Сидела у моря одна, пока И. А. ездил к Мережковским. Оно было желтовато-голубое, не очень красивое, но все-таки было хорошо дышать морским воздухом, смотреть на чаек, которых было особенно много в этот раз. Они белой толпой стояли на песке, быстро семенили по нем коралловыми ножками, временами их как бы сдувало ветром, и они белыми облаками отлетали.
Солнце зашло в мутный дымный газ неба, на котором стройно рисовались снасти стоявшей у мола одинокой яхты. Поверхность моря была серая, бугристая с прерывистым неприютным блеском по ней. И. А. шел и говорил, что у него бывает иногда страстная потребность увидеть северное море, что должно быть это во всех нас, русских, заложено.
– Да ведь, бывало, выйдешь из Босфора в Черное море - так сейчас и пошел ветер, и пошло валять, и труба начинает сипеть как-то по-особенному...

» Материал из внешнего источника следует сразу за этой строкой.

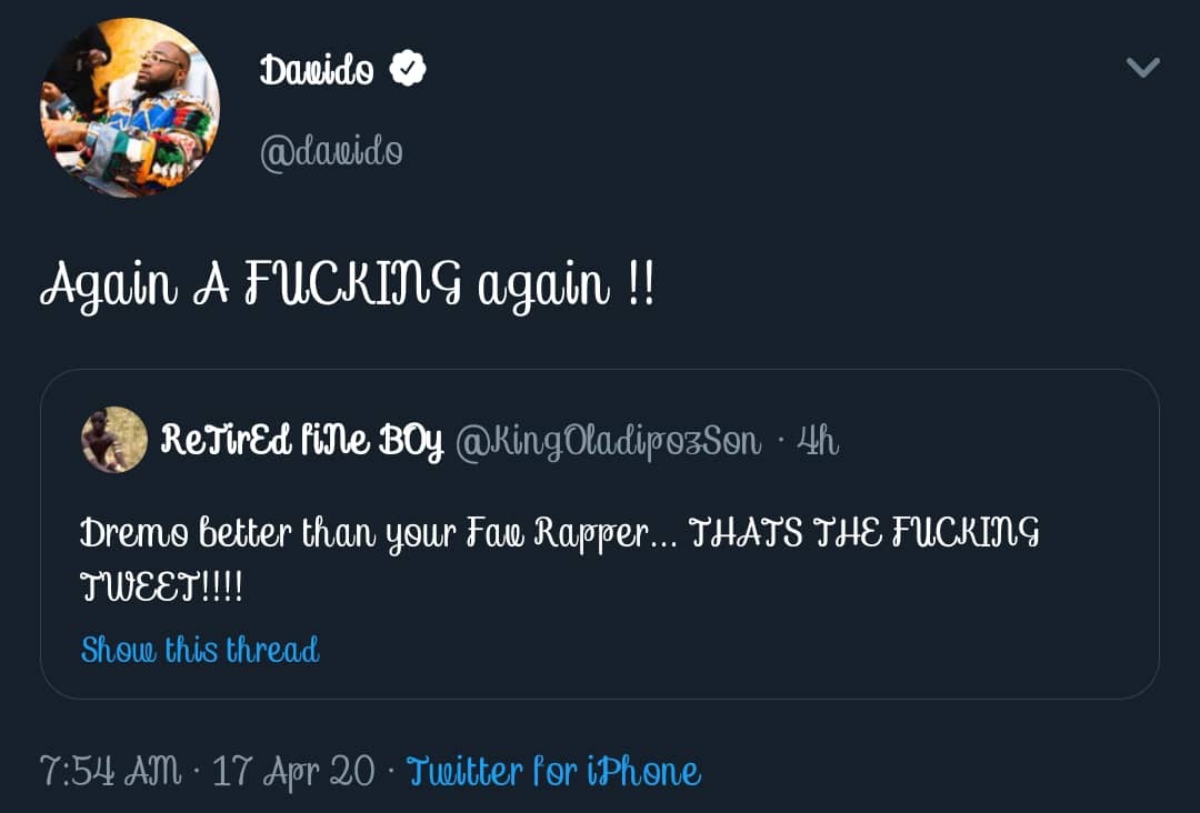 A fan with the handle @kingoladipozson tweeted "Dremo better than your fav rapper..THATS THE F*CKING TWEET!!!"

На обратном пути все говорил, что пора приниматься за "Арсеньева". Он сейчас после отправки книжки очень устал, как-то весь обмяк, но маленький отдых - и он опять может писать. Говорили и обо мне. Я сейчас с величайшим страхом, правда, чтобы это не прекратилось, пишу. Выплыла на какую-то вольную воду. Кажется, это длится несколько дней, но написаны две главы дальше. Последняя переработана трижды.
14 декабря
После завтрака ходили с И. А. ненадолго гулять наверх. Говорили о Муратове 1, которым И. А. после каждой новой статьи очень восхищается, об Ольге Жеребцовой у Алданова и Герцена. По-моему, у Герцена она хороша, но у Алданова видна совсем по-иному и вместе с эпохой попутно. Потом спросила, как И. А. писал "Деревню", с чего началось.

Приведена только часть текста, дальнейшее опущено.